Malmö derby
- Location: Malmö
- First meeting: 27 June 1911
- Latest meeting: 13 August 1986 IFK Malmö - Malmö FF (1–3)

Statistics
- Total meetings: Competitive: 61
- Most wins: Malmö FF (32)
- Largest victory: 5 August 1927 Malmö FF - IFK Malmö (0–5)
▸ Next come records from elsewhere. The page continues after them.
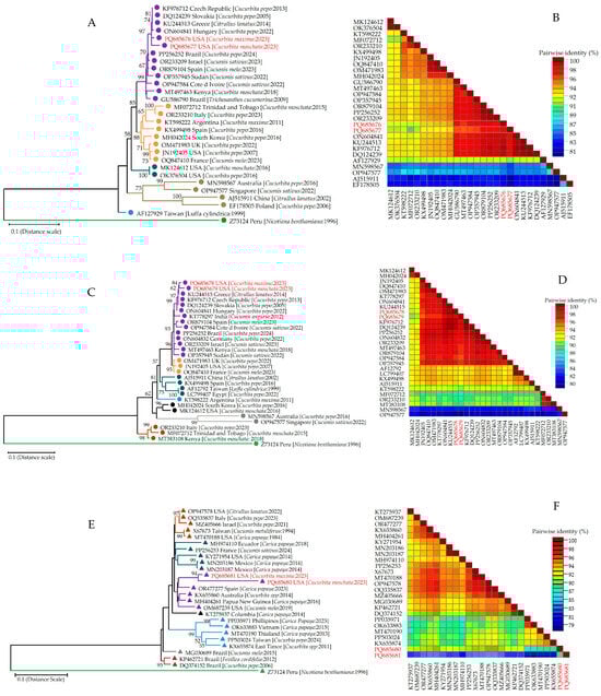 To further confirm the ATV in pumpkin and winter squash, PCR and Sanger sequencing were performed. A phylogenetic study and heat map of ZYMV-encoded CP (Figure 5A,B) and HC-Pro (Figure 5C,D) suggested a close evolutionary history with the European isolates. ZYMV infects cucurbit crops primarily (winter squash, pumpkin, melon, sponge gourd, snake gourd, zucchini, and cucumbers) in several countries, including the USA [,,,]. In contrast, PRSV infected both cucurbits and papaya, suggesting a diverse host range []. PRSV-CP (Figure 5E,F) and PRSV-NIa-Vpg (Figure 5G,H) based phylogeny shows its closer relatedness with other PRSV isolates reported from Australia (KX655860, year 2014), Papua New Guinea (MH404261, year 2016), Spain (OR477277, year 2023), USA (OM687239, year 2019), and other countries. In addition, for potyviruses, phylogeny depends on the molecular and/or ecological mechanisms involved in adaptation to different plant species []. Moreover, human activities, especially trade and farming, have fostered and spread potyviruses and their aphid vectors worldwide [,].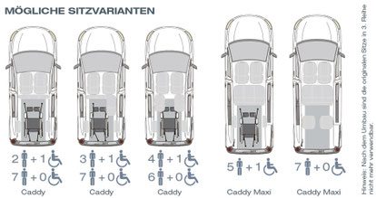 HINWEIS: Nach dem Umbau ist die werkseitige Lösung als 7-Sitzer nicht mehr möglich; Ab sofort ist auch der Volkswagen Caddy Maxi mit Hybridantrieb als rollstuhlgerechtes
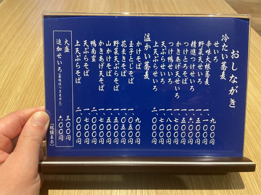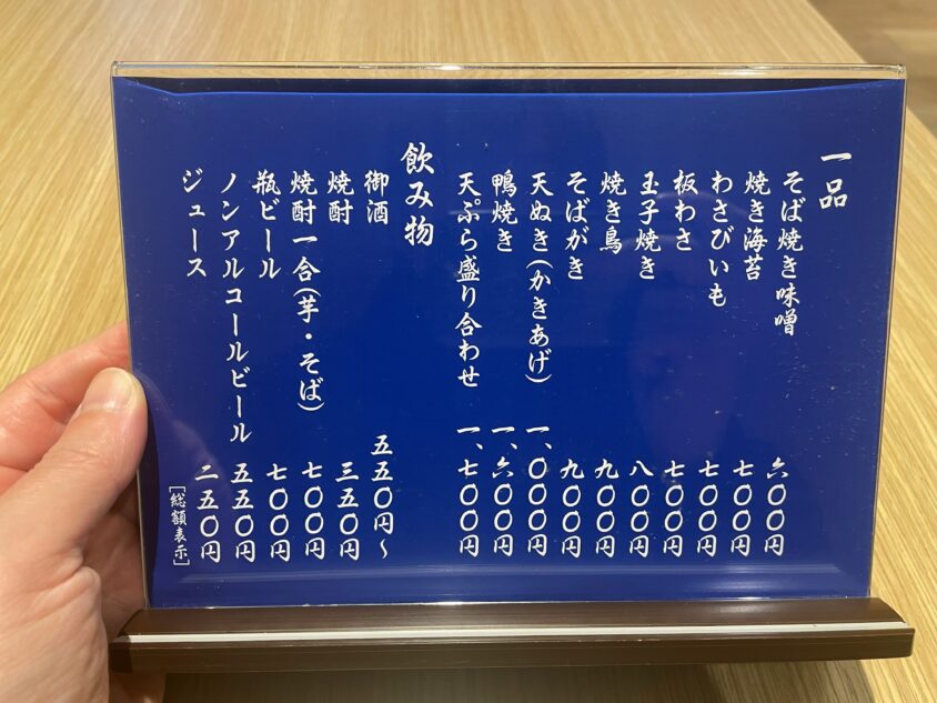 藍色の台紙に美しい白文字で書かれた品書きは、まるで蕎麦屋の詩集のようです。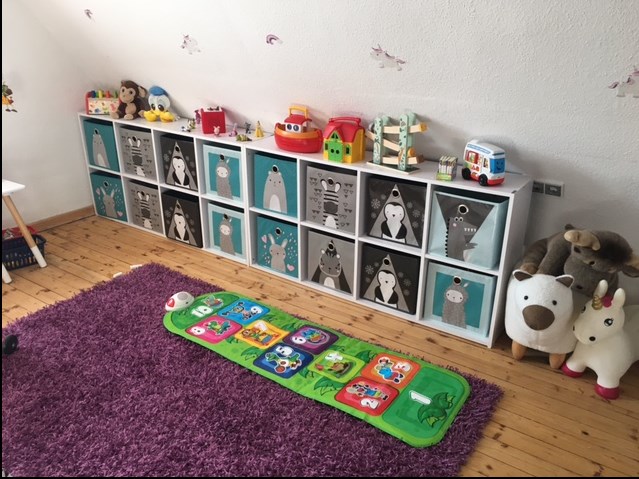 - Das Spielzeugregal für Faltboxen bietet Platz für Spielzeug, Bücher und Dekoration. Mit 8 offenen Regalen und Ablagen für 30x30 Kartons sorgt es für Ordnung im Kinderzimmer.

= IFK Malmö–Malmö FF rivalry =

Association football rivalry in Sweden

The fixture between IFK Malmö and Malmö FF is a local derby in Malmö, Sweden and was a fierce rivalry from the beginning of the 1910s to the 1960s when the two clubs regularly played against each other. The story of the rivalry between the clubs dates back to 1909 when BK Idrott joined IFK Malmö's football department but later broke away from the club in 1910 due to differences between the two clubs. The founders of BK Idrott then founded Malmö FF in 1910. IFK Malmö are Malmö's oldest football club, having been founded in 1899. Before the creation of official leagues for Swedish club football, IFK Malmö and Malmö FF played against each other in "Distriktsmästerkapen", the regional championship. The clubs later played against each other in both the second tier league and first tier league, Allsvenskan. The last time the two clubs were in the same league was in 1962 when they were both playing in Allsvenskan; IFK Malmö were relegated and have since not returned while Malmö FF have played in Allsvenskan for every season since 1926 except for one season. Rivalry between the clubs died out when they were no longer playing in the same league although they have played each other one time after this on 13 August 1986 in a Svenska Cupen fixture, which Malmö FF won, 3–1.

==Rivalry==
The rivalry is primarily of geographic nature as both teams are from Malmö, however a major cause for the rivalry is also an incident in 1934 with both clubs involved. Malmö FF were relegated from Allsvenskan as a penalty for breaking amateur regulations. The club had paid their players a small sum of money for each game. Although against the rules, this was common at the time; Malmö FF were the only club to show it in their accounting records. In addition to relegation to Division 2, the club suffered bans for the entire board of directors and twenty-six players. The version of events told by Malmö FF and local press suggests that local rival IFK Malmö reported the violation to the Swedish Football Association. This belief has contributed to the longstanding competitive tensions between the clubs.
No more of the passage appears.